To demonstrate the effectiveness of NDDe and TPDi, we conduct an ablation study on MS1M 5.21M dataset, as shown in Table 5. All these four methods use the same transition matrix as described in Sect. 4.1. \(M_1\) is our baseline model, which uses the standard density and cosine distance. \(M_2\) is obtained by replacing the cosine distance in \(M_1\) with TPDi, \(M_3\) is obtained by replacing the standard density in \(M_1\) with NDDe, and \(M_4\) is the proposed method using both NDDe and TPDi as the density \(\rho \) and distance \((d_{ij})_{N\times N}\) required by DPC. Table 5 shows that both NDDe and TPDi contribute to the final clustering performance. And the improvement brought by NDDe is more significant, which illustrates that NDDe is essential for the success of our method.

5.4 Face Recognition

Table 5. Ablation study of NDDe and TPDi on MS1M. \(F_P\) and \(F_B\) are reported.
Fig. 8.
figure 8

Rank-1 face identification accuracy on MegaFace with 1M distractors.

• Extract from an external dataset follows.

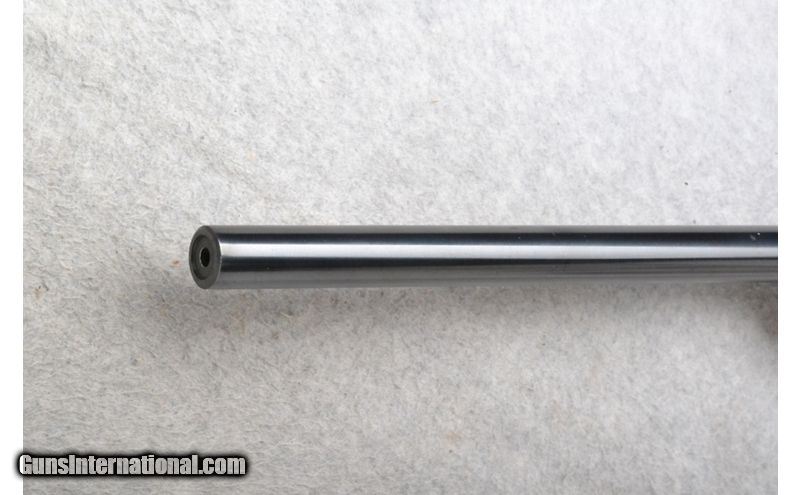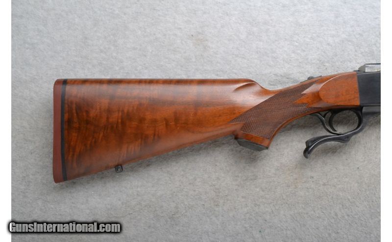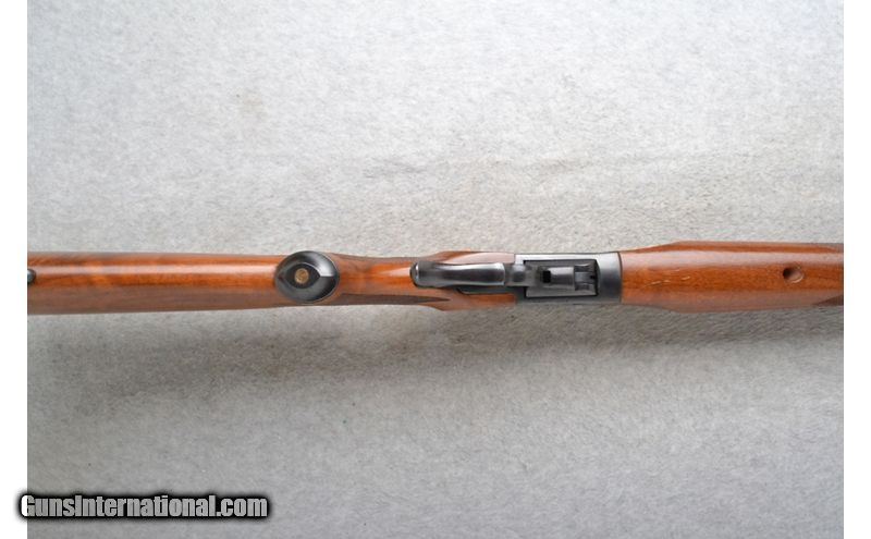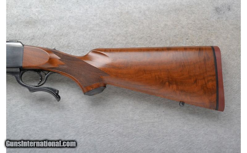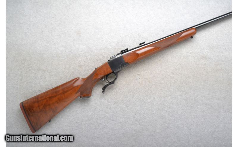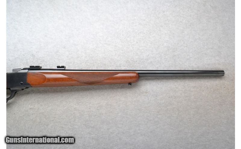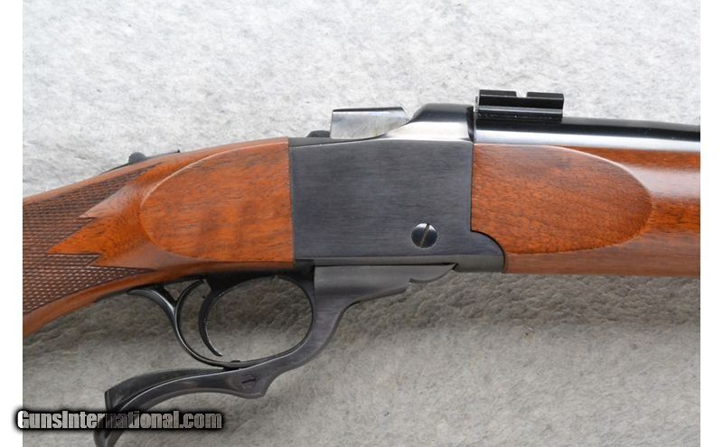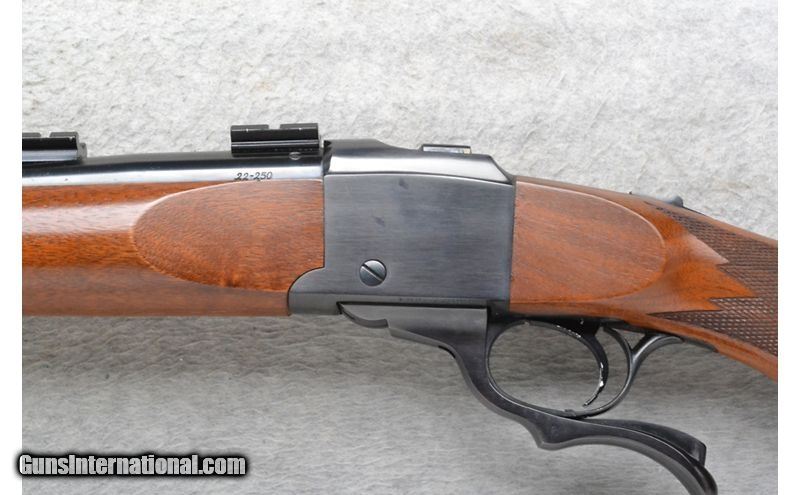 Description: This Ruger Model No.1 is a single shot falling block action rifle in .22-250 Rem. Cal. It has a 24 inch barrel. Scope mount bases are attached. No iron sights. It has a curved Farquharson lever. The butt stock is a checkered grip walnut pistol grip with a black cap. The forearm is a checkered grip walnut semi-beavertail style. S/N 132-77993. .22-250 Remington SOLD Chambers: Single shot. Metal Condition: Very good. A little very minor freckling. Light blue wear spot from use in the bottom of the barrel. Wood Condition: Very good. Some minor handling marks. Bore Condition: Excellent. Barrels: 24 inch. Triggers: Grooved. Adjustable. Stock Dimensions: LOP 13 5/8 inches. Fore End: Checkered grip walnut semi-beavertail. Butt Pad: Ruger red rubber pad. Weight: 8 lb. 8 Oz. Sights: Scope mount bases attached. No iron sights. Item Location: Richfield, WI |

To further show the potential of our method in scaling up face recognition systems using large-scale unlabeled face images, we use our method to generate pseudo-labels for unlabeled face images and use them to train face recognition models. For a fair comparison, we adopt the same experimental setting as in [23, 31, 32]. We use a fixed number of labeled data and different ratios of unlabeled data with pseudo-labels to train face recognition models and test their performance on MegaFace benchmark [10] taking the rank-1 face identification accuracy with 1M distractors as metric. In Fig. 8, the upper bound is trained by assuming all unlabeled data have ground-truth labels, and the other five curves illustrate that all the methods benefit from an increase of the unlabeled data with pseudo-labels. And it can be observed that our method consistently achieves the highest performance given any ratio of unlabeled data, and improves the performance of the face recognition model from \(58.20\%\) to \(80.80\%\), which is the closest to the upper bound.

6 Conclusion

In this paper, we point out a key issue in face clustering task—the low recall of hard clusters, i.elet@tokeneonedot, small clusters and sparse clusters. We find the reasons behind this are 1) smaller clusters tend to have a lower density, and 2) it is hard to set a uniform (distance) threshold to identify the clusters of varying sparsity. We tackle the problems by proposing two novel modules, NDDe and TPDi, which yield the size-invariant density and the sparsity-aware distance, respectively. Our extensive ablation study shows that each of them contributes to improving the recall on hard clusters, consistently on multiple face clustering benchmarks.